[lbo-talk] RE: The paradox of choice

Wojtek Sokolowski sokol at jhu.edu
Fri Mar 12 07:52:44 PST 2004


Joanna:
>
> Of course, many who equate choice with capitalism, will point out that
women/men having
> the choice of work, occupations, etc., is a good thing. But ultimately
to choose between
> different forms of slavery is meaningless. I'd even go so far as to
say that to choose to be a
> master rather than a slave is meaningless. The apparent "choice" of
"careers" and
> "lifestyles" is the bright, shiny face of a labor market that may or
may not choose me, and in
> which my actions may or may not translate into any kind of benefit for
the whole.
>

Talking about "choice" in abstraction, outside the social-institutional context, is pretty meaningless. It is like talking about "friction" - it can be a bad thing when it causes wear and tear of the engine or the gearbox, but it is a necessary thing when the 'rubber meets the road' (try driving on ice). The same pertains to choice.

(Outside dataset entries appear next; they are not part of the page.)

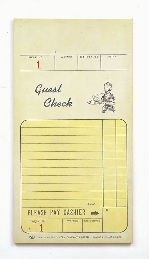 Wir bieten Ihnen eine handgefertigte Reproduktion auf Leinwand des berühmten Kunstwerks 'Guest Check' von Alex Hay, aus dem Reproduktionsmuseum.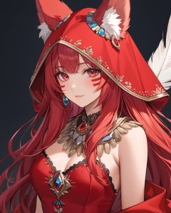 (best quality), ((masterpiece)), (highres), illustration, original, extremely detailed,<lora:SNQX:0.7>1girl, solo, red hair, animal ears, feathers, dress, hood, red dress, facial mark, long hair, looking at viewer, ears through headwear, jewelry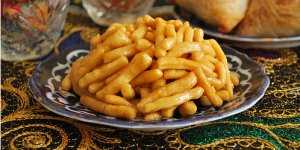 Затем соломку перемешать с сиропом, придать чак-чаку любую форму и украсить что есть у вас в наличии изюмом и курагой.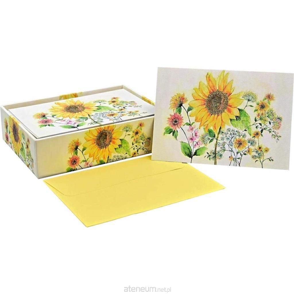 Elegancka kolekcja zdobionych karnetów na każdą okazję marki Peter Pauper Press Słoneczniki Akwarela (Watercolor Sunflower). Każda kartka posiada strukturę lnu i zdobienia ze złotej folii. Koperty są dopasowane kolorem i nadrukiem. Całość zapakowana w pudełko z tym samym wzorem. Uniwersalna otwierana kartka okolicznościowa z pustym środkiem pozwala na pełną personalizację i stworzenie wyjątkowej pamiątki dla obdarowanej osoby.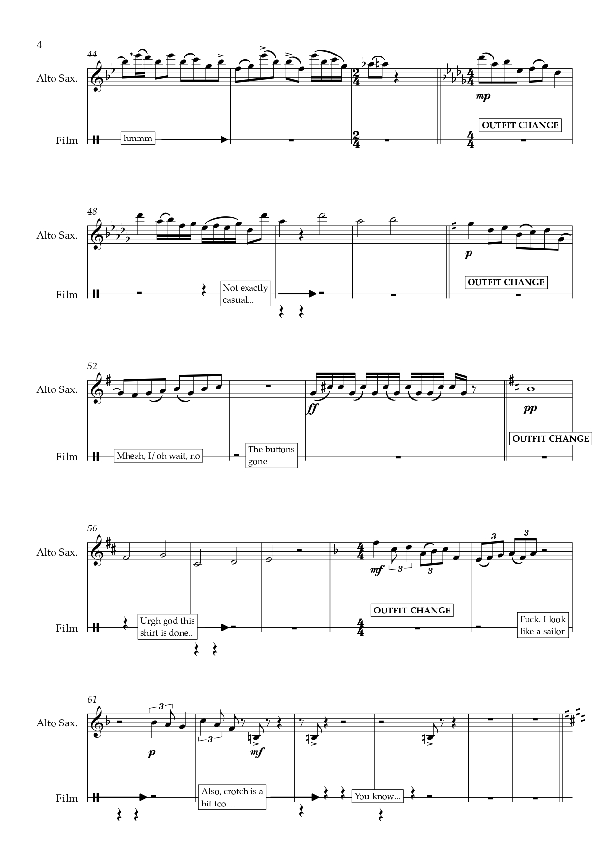 Developing on from Escapism I wanted to explore whether I needed to adopt a multiple movement structure of blatantly working-class movements to allow space for more emblematic classical music. I also wanted to return to explore more explicit aspects of classical music’s culture (such as musical form). In Theme With Variations Forced by Expectations for Alto Saxophone and Film, I reconstruct the idea of a theme with variations to address ideas of code switching in working-class experiences and the impact of these changes on personal understandings of value. Code switching is a process wherein people from outsider communities adjust their personalities and identities to better suit the dominant environments they interact with (see Gardner-Chloros, 2009). In considering class-based experiences of code switching (see Ashcraft, 2012), Theme With Variations Forced by Expectations uses several scenarios as an impetus for causing changes to the musical theme. These scenarios are:

In the free market system theory, choice is good not in itself but because it is the key and only mechanism that optimizes utility in that system (which is a good thing). That choice is furthermore institutionally constrained to commodities that are excludable and rival - meaning that it is possible to exclude non-payers from enjoying the utility of that commodity and the exercise of that utility by one user rivals (or diminishes) the utility obtainable by other users.

Whether those conditions are empirically attainable and sufficient to make the choice work its wonders in the marketplace is another issue - but at lest this argument places the concept of choice in a coherent context allowing to determine whether choice is good or bad. That is to say, choice applied to non-excludable goods is actually bad because it creates the free rider problem and reduces utility instead of optimizing it.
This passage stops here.